If you have ever played a sport like soccer, basketball, or hockey, you know that you can’t just shoot at-will. You need information in order to decide whether or not it’s a good idea to take the shot. At the same time though, you can’t wait around forever to take the shot either.
In sports, some of that information you need is obtained during the game. For example, if one of the defensemen fell and left you with a wide open path to the goal you may decide to take the shot. Or, if you see that one of your teammates is wide open on the other side of the field, you may opt to pass instead of taking the shot.
Other information you might use comes before the game. You might research the other team and find out that the goalie’s left side is their weak side. If you’re on their left during the game, it might be advantageous to take the shot. Or, you may know that the other team’s defenseman on the other side of the field is new to the team and might be playing out of position. In that case, it may be better for your teammate to take the shot.

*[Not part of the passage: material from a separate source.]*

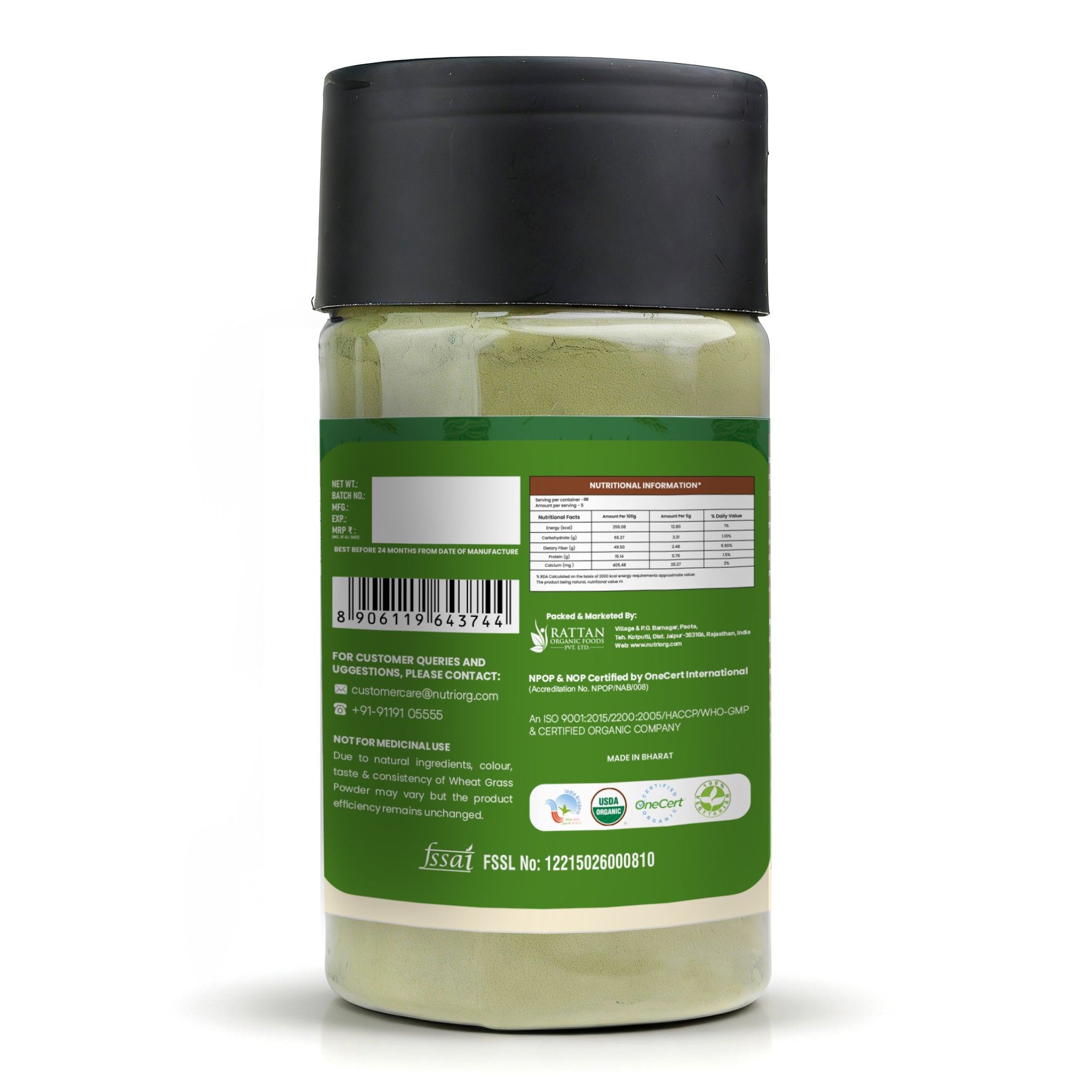Nutriorg certified organic wheat grass powder is made from certified organic wheat grass cultivated in certified organic farmland. Nutriorg Wheat Grass Powder is a certified organic powder. The primary reason for the numerous health benefits of the Nutriorg certified organic Wheat Grass Powder is its concentrated Chlorophyll content (about 70%) in addition to the 98 earth elements it contains including Calcium, Iron, Phosphorus, Magnesium and Potassium. It is also rich in essential enzymes. The best trait being that unlike wheat, wheat grass powder is gluten free. Nutriorg Certified Organic Wheat Grass Powder contains all the properties of the Wheat Grass plant including nutrients, Vitamins and minerals in a perfect balance. Nutriorg Certified Organic Wheatgrass Powder can be mixed in water to make a nutritional drink and can even be added to juices and smoothies

In the military, we would get similar information. During a mission, we might have stumbled across some key intelligence about the enemy. That’s like the game time information I wrote about earlier. That information could determine whether or not we would continue the mission, or adjust what we’re doing on the fly. Similar to the pre-game information, the higher ranking Generals, etc. likely have lots of intelligence about the enemy. They know their strengths and weaknesses, which helps identify the strategy they’ll use when they fight against them.
Business Decision Making
Have you ever felt like you just didn’t have enough information to make a decision? Sure, when you first start a business you won’t have customer feedback or that sort of information, but as you gain momentum, you will have at least some of that information. Maybe you don’t have thousands of responses to the survey you sent out about new product features. So what?

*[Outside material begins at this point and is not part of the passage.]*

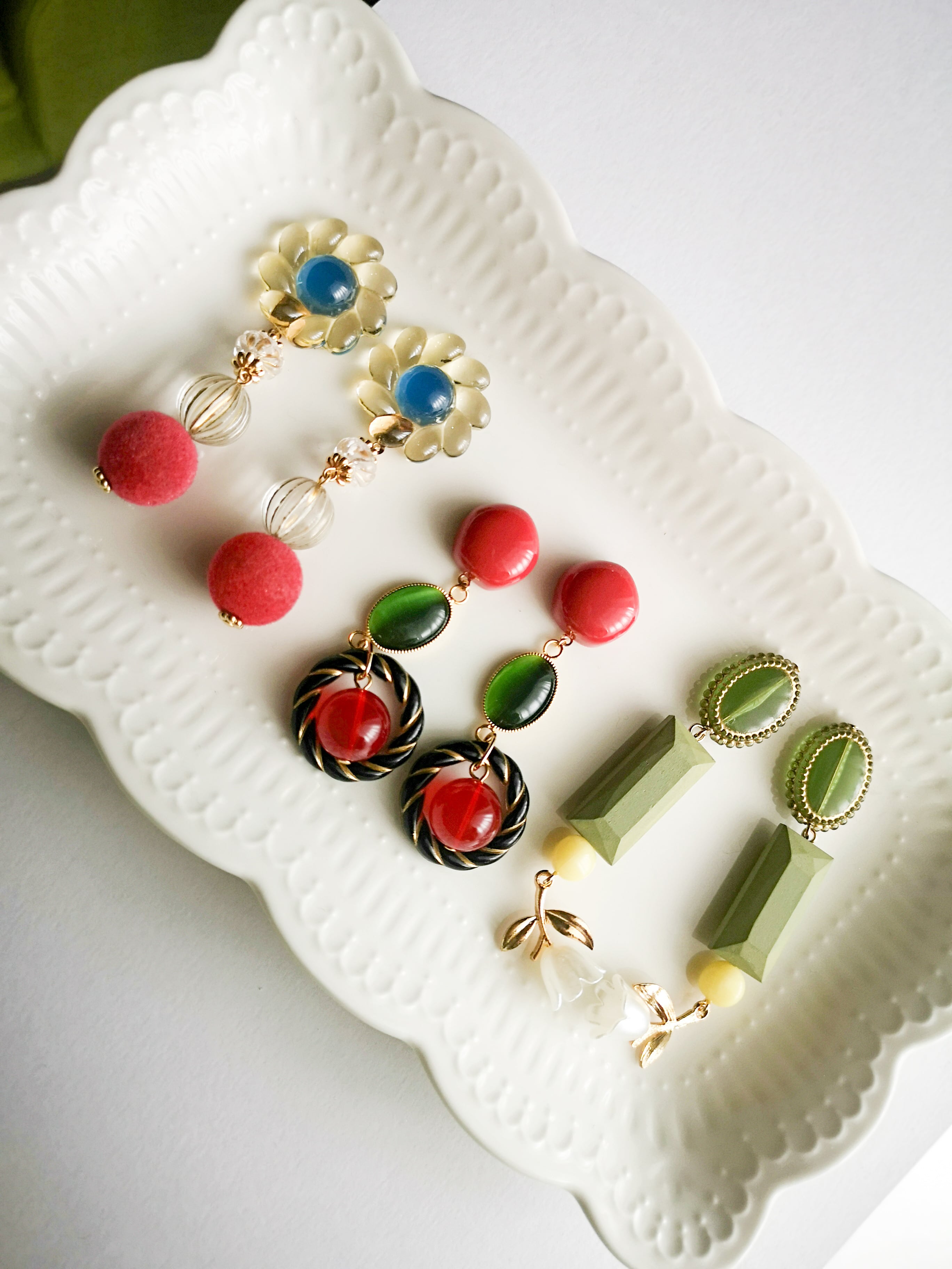 グリーンカラーをベースに、黄色い変形アクリルとお花のチャームを組み合わた、どこかレトロ感漂うデザインは、どんなコーディネートにもエレガントさをプラスします⸜❁︎⸝

Use the handful of responses you did get and make a decision off of that. Use the feedback you do have to make a decision on what product features you will introduce next.
The responses you get may lead you in a direction that makes your product appealing to a whole new customer base.
Or, it could be a total flop.
Honestly, you won’t know until you try it. I wish I had a better answer than that.
However, once you know whether or not the decision you made was a good decision, you’ll have a brand new piece of information available to you.
- Was it a good decision? Great, do more of that – whatever it is.
- Was it a bad decision? Well, that sucks. Now you know not to do that or things like it again.
If you wait until you have perfect information, you’ll never make a decision. No new information is perfect. It’s just better than what you had before.